International management bestsellers like Blue Ocean Strategy, provide recipes for being bold and crafting new business models, that offer vistas of fantastic profitability.
The interest in disruptive innovation obscures an uncomfortable reality: many more businesses are being disrupted than are being disruptive.
It’s a bit like the saying about old age: Everyone wants to grow old, but nobody wants to be old.
Face the future
Avoiding disruption is a futile, and loosing, strategy. Just take a look at the macro forces that are shaping today’s business landscape: 1
- Globalization and interconnectedness
- Pervasive interdependence leads to complex, unpredictable dynamics
- Social responsibility
- Sustainable development and stakeholder value-oriented perspectives challenge organizations to integrate multi-faceted value creation mechanisms
- Accelerating pace of innovation
- Waves of disruptive changes quickly erode the status quo
- Chaotic and turbulent competitive landscape
- Lower barriers to entry and technology-driven innovation generate an unpredictable dynamic
- Dynamical networked value-added chains
- Superior competitiveness and agility require a strong eco-system of dynamic supply network relations
- Global shift to Asia
- A shift of the center of gravity of the global economy creates new business opportunities and threats
- Knowledge commodification
- Technical knowledge codified in products, software and business processes can be acquired in the market or quickly recreated by competitors
- Customer power
- With the world at their fingertips, customers demand superior value experiences
The combined impact of these trends results in a fast moving, highly unpredictable, turbulent business environment, where only one thing is certain: you will be disrupted.
Prepare to be disrupted
Fortunately, to paraphrase Cruijff: every disadvantage has its advantage.

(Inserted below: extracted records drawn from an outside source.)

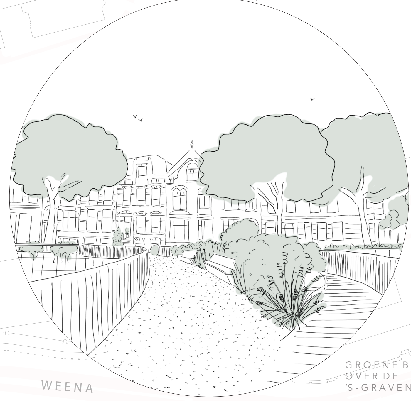
CENTRAAL STATION ROTTERDAM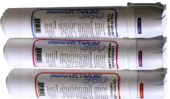
Système Ultrafiltration Triple Aucun Rejet et Réservoir V3603UF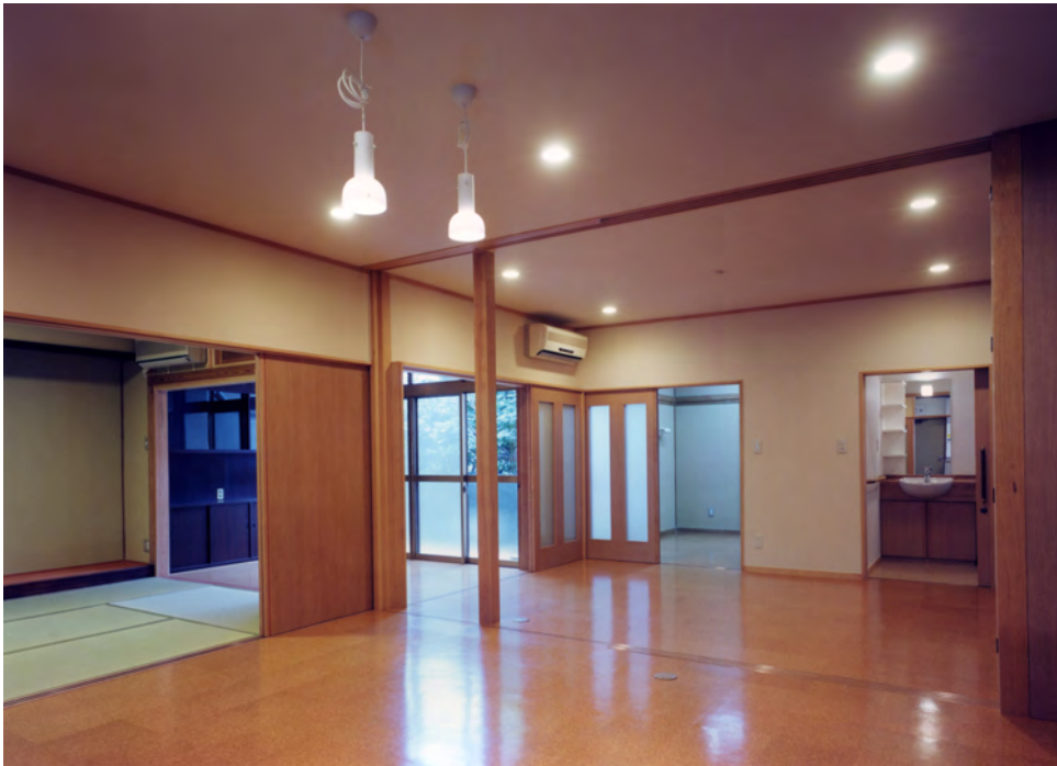
居間・食堂 引戸を開ければ全ての空間が一つにつながる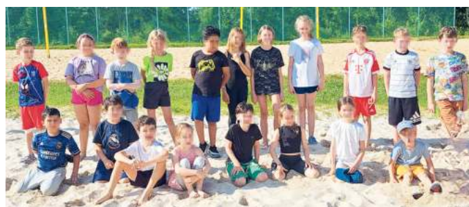
Gruppe Sport & Spiel.

Nach schönen sportlichen Ferien treffen wir uns seit Schulbeginn wieder in der Dreifachhalle.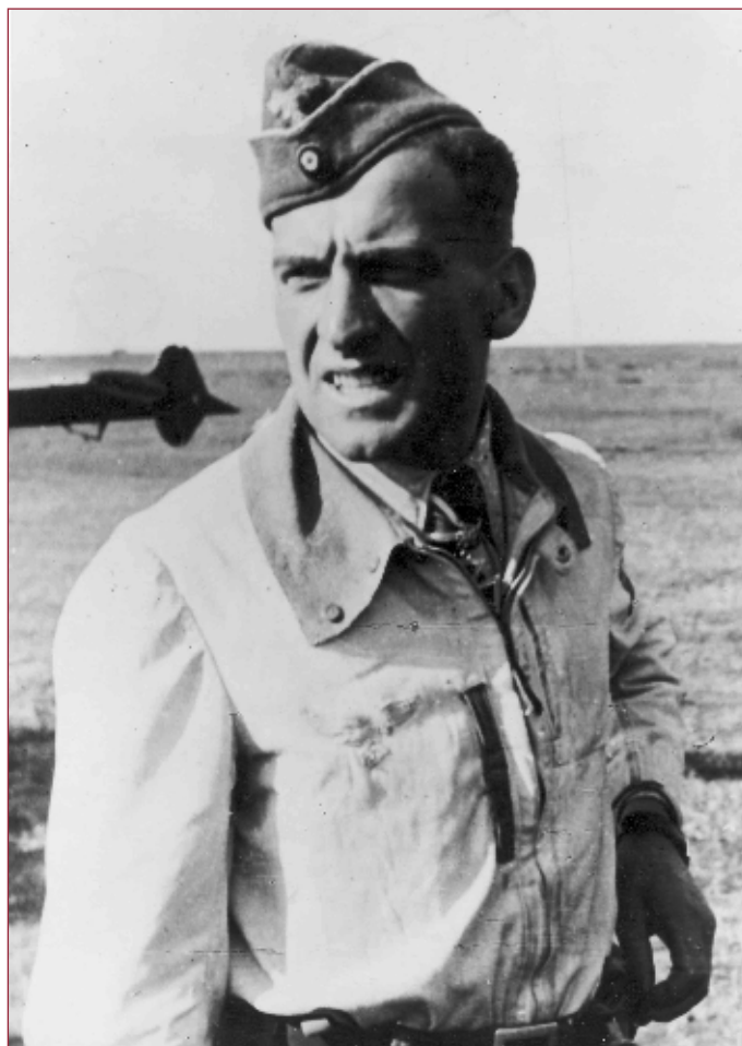
Rudel après un vol en octobre 1943.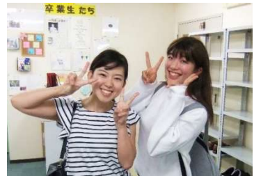
底抜けの明るさは相変わらず。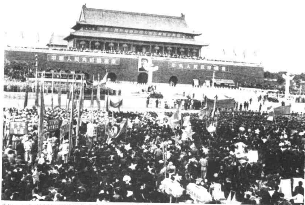
当第一面五星红旗在天安门广场上升起时，广场上欢腾的人群

To thrive in this turbulent environment, organizations need to embrace and welcome change, reward bottom-up initiatives, reconfigure fluidly, tolerate a degree of messiness and have a significant risk appetite. While some of those values (not the messiness :) may sound great on paper, in practice each of these values involves friction and stress levels that may not be a pleasant experience. You don’t move to such a position, unless compelled by external forces, like disruptive competitors that threaten your very organizational continuity.
Compelled or not: once your organization has embraced change, increased agility and responsiveness and has mobilized all resources - in short, once you’ve accepted being disrupted as a reality - now you’re in an excellent position to start doing some disruption onto others as well.
In short: to become disruptive, prepare to be disrupted.